The leaders of the pretender’s forces were hanged and the rest of his followers were heavily fined. ‘Richard’ himself was imprisoned – first, at Taunton in Somerset, then in London, where he was ‘paraded through the streets on horseback amid much hooting and derision of the citizens.’
Escape, the Tower and execution
Surprisingly, Henry treated ‘Richard’ more like a royal guest than a prisoner. In June 1498, exploiting the king’s hospitality, the pretender escaped from Westminster, but was recaptured within hours after taking sanctuary at Sheen Priory (in what is now south London). ‘Richard’ was put into stocks and exhibited, and was finally (and ironically) consigned to the Tower, from which he had supposedly been rescued as a child.
Early in 1499, yet another false Warwick appeared as a pretender to the throne. Although the plot was quickly suppressed, it may have convinced the king that it would be wise to dispose of the real Edward, Earl of Warwick, as well as the other, longer-lived impostor.
‘Richard’ and Warwick were placed in neighbouring cells, and the two young men (Edward was just 24 and ‘Richard’ only about a year older) began to talk and, it was said, to plan. An informer gave away their plot to burn down the Tower, escape to Flanders and place Warwick on the throne.
The false pretender and the true pretender were found guilty of treason. On 23 November, the supposed commoner ‘Richard’ was drawn on a hurdle from the Tower to Tyburn, where he read out a ‘confession’ and was hanged. His co-conspirator Edward, the last Plantagenet, was beheaded on Tower Hill six days later.
The tale of Perkin Warbeck
Henry's problem was that he was unable to prove that ‘Richard’ was not the prince – he had no dead body that he could produce to expose the lie. So he had had to try to prove that the young man was actually somebody else. He had sent his spies to the continent and, in the end, they had come up with the story of Perkin Warbeck.
After he captured ‘Richard’ in Hampshire in 1497, Henry himself managed to get the pretender to ‘confess’ that he was actually a Flemish boatman's son called Perkin Warbeck (or Pierquin Wesbecque or Piers Osbeck), of Tournai, born in about 1474. According to the confession, he had made his way to Portugal where, perhaps with the help of powerful individuals, he had been transformed into Richard of York, including, some said, with coaching from Margaret of Burgundy herself. This ‘confession’ was read by Warbeck from the scaffold before his execution.

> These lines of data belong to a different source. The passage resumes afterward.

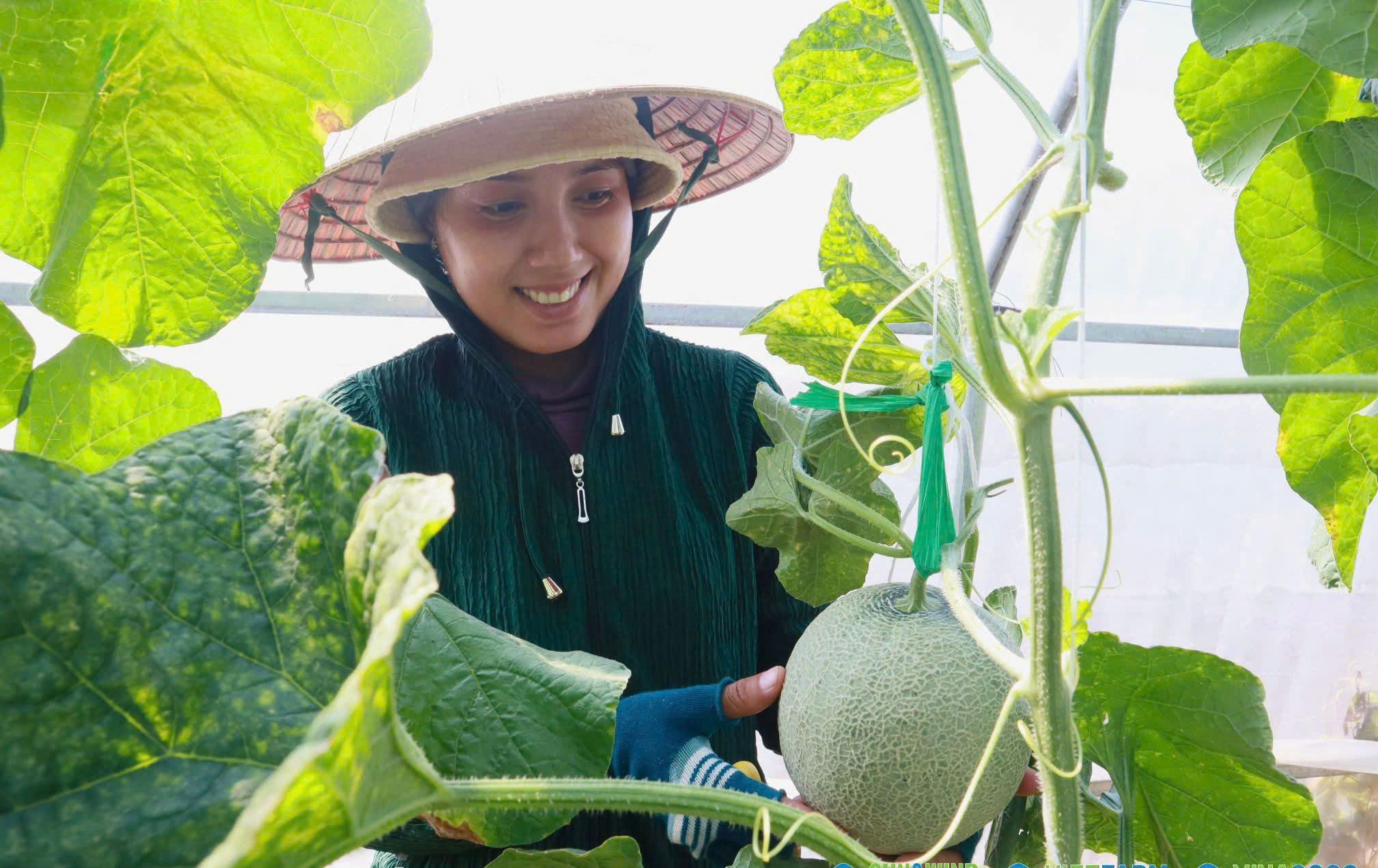 Chị Đạo Thị Đã, nhân viên tại trang trại, cho biết đơn vị này thực hiện khắc chữ trực tiếp bằng tay lên vỏ dưa lưới giống Hoàng Long và TN3, thay vì dán chữ như nhiều nơi khác.
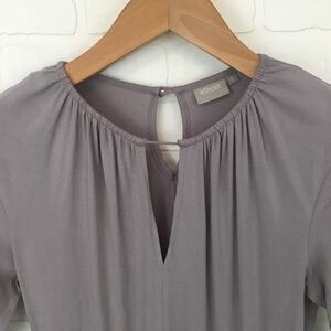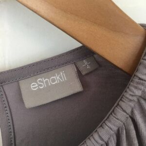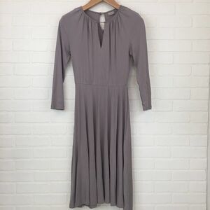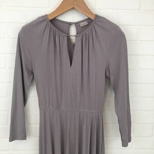 Size S/4. EShakti Keyhole Neck Cotton Knit Dress. A keyhole front at the ruched neck enhances the feminine fit of the cotton jersey knit dress. Elastic waist and flared skirt. Sleeves are 3/4 length.
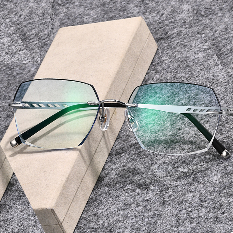 近视眼镜男有度数配大脸超轻防蓝光辐射纯钛无框近视切边变色成品
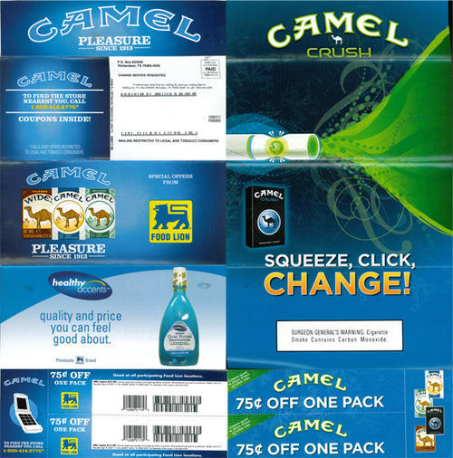 Both sides of a direct mail brochure in promotion of Camel Crush (a cigarette which can be adjusted from a non-menthol to a menthol cigarette by squeezing a capsule in the cigarette's filter - "Squees, Click, Change!"). This direct mail piece is in joint promotion with Food Lion convenience stores, providing two cigarette pack coupons good at all participating Food Lion locations. The piece also provides a phone number to call for help in locating the store nearest you.

Copies of it were distributed around Europe. Its real purpose? To establish Henry's own right of succession, which was still quite shaky. Even if Warbeck’s story was not true, it had to be seen as such, and his confession was all that Henry needed.
‘Victim of his own deceit’?
Both Polydore Vergil (writing in the 1530s) and Francis Bacon (published a century later) suggest that, by this stage, the pretender had played the role for so long that he scarcely knew what was true. Vergil, Henry's historian, wrote that ‘having twisted falsehood into truth and truth into falsehood, [Warbeck] fell at last from the scaffold, a victim of his own deceit.’ Francis Bacon summed up Warbeck's life: ‘What he feigned, he believed.’
When the man we now know as Perkin Warbeck was proclaiming himself the rightful heir to the throne, England was exhausted by war and weary of dynastic struggles. Henry VII offered the prospect of peace and prosperity. However, many in England and, especially, abroad were prepared to keep up the pretence of a living Richard, Duke of York, even if they knew the truth. On balance, it is likely that he was an impostor, but there is no final proof one way or the other.